**Work to be completed**. What is needed is an exact copy of the lines in the entries below from the one holding "湖南法治报讯(通讯员 向春月" through the one holding "Shōichi Nakagawa (中川", pictures excluded.

**Record set**.
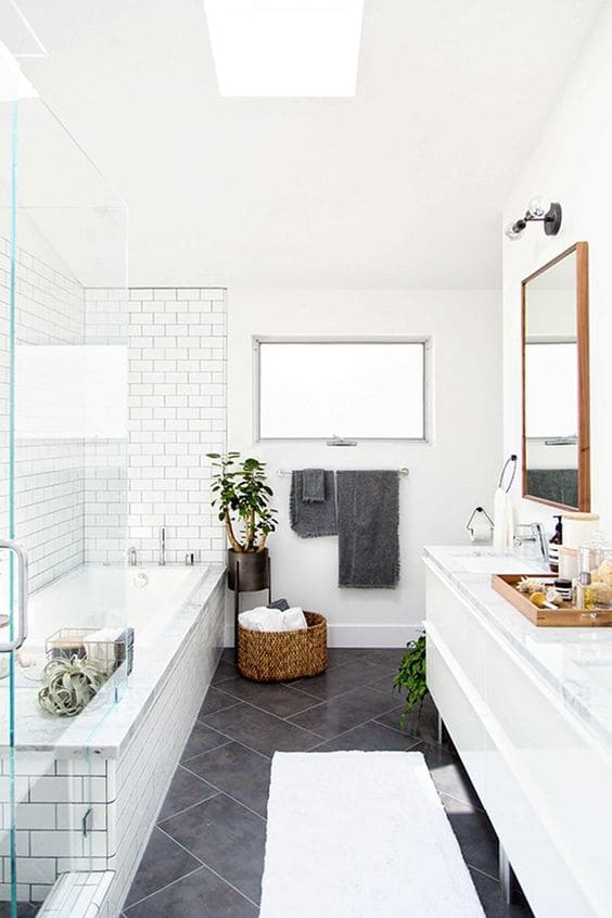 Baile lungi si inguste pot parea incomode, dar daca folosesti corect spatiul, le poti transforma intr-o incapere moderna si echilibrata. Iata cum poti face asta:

==

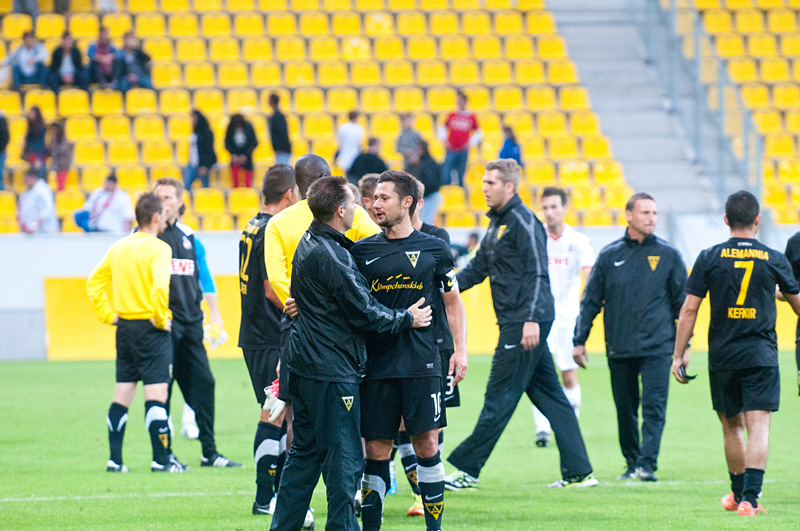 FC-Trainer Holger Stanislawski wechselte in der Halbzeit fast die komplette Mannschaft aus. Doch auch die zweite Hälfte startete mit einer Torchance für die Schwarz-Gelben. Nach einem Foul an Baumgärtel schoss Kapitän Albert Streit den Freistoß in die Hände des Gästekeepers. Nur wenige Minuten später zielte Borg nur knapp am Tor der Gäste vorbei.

---

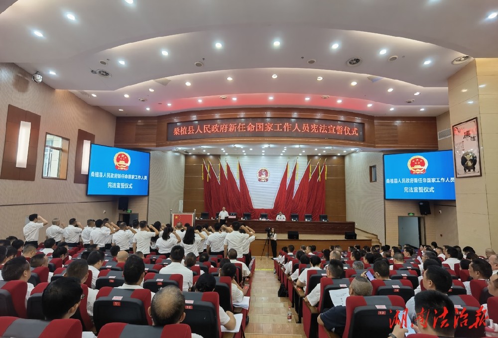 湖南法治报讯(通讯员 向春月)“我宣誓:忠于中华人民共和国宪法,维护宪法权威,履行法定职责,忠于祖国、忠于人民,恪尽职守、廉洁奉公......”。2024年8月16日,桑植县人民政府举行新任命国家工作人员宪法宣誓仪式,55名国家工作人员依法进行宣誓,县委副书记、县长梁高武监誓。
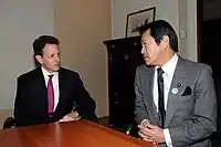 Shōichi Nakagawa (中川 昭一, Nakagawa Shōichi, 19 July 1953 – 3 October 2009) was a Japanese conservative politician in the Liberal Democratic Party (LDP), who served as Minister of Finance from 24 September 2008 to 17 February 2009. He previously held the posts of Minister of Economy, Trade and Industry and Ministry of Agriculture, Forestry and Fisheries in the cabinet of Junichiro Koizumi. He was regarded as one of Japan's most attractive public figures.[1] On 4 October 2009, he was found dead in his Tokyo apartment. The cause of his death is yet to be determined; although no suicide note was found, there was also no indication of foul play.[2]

**Answer section**.
 湖南法治报讯(通讯员 向春月)“我宣誓:忠于中华人民共和国宪法,维护宪法权威,履行法定职责,忠于祖国、忠于人民,恪尽职守、廉洁奉公......”。2024年8月16日,桑植县人民政府举行新任命国家工作人员宪法宣誓仪式,55名国家工作人员依法进行宣誓,县委副书记、县长梁高武监誓。
 Shōichi Nakagawa (中川 昭一, Nakagawa Shōichi, 19 July 1953 – 3 October 2009) was a Japanese conservative politician in the Liberal Democratic Party (LDP), who served as Minister of Finance from 24 September 2008 to 17 February 2009. He previously held the posts of Minister of Economy, Trade and Industry and Ministry of Agriculture, Forestry and Fisheries in the cabinet of Junichiro Koizumi. He was regarded as one of Japan's most attractive public figures.[1] On 4 October 2009, he was found dead in his Tokyo apartment. The cause of his death is yet to be determined; although no suicide note was found, there was also no indication of foul play.[2]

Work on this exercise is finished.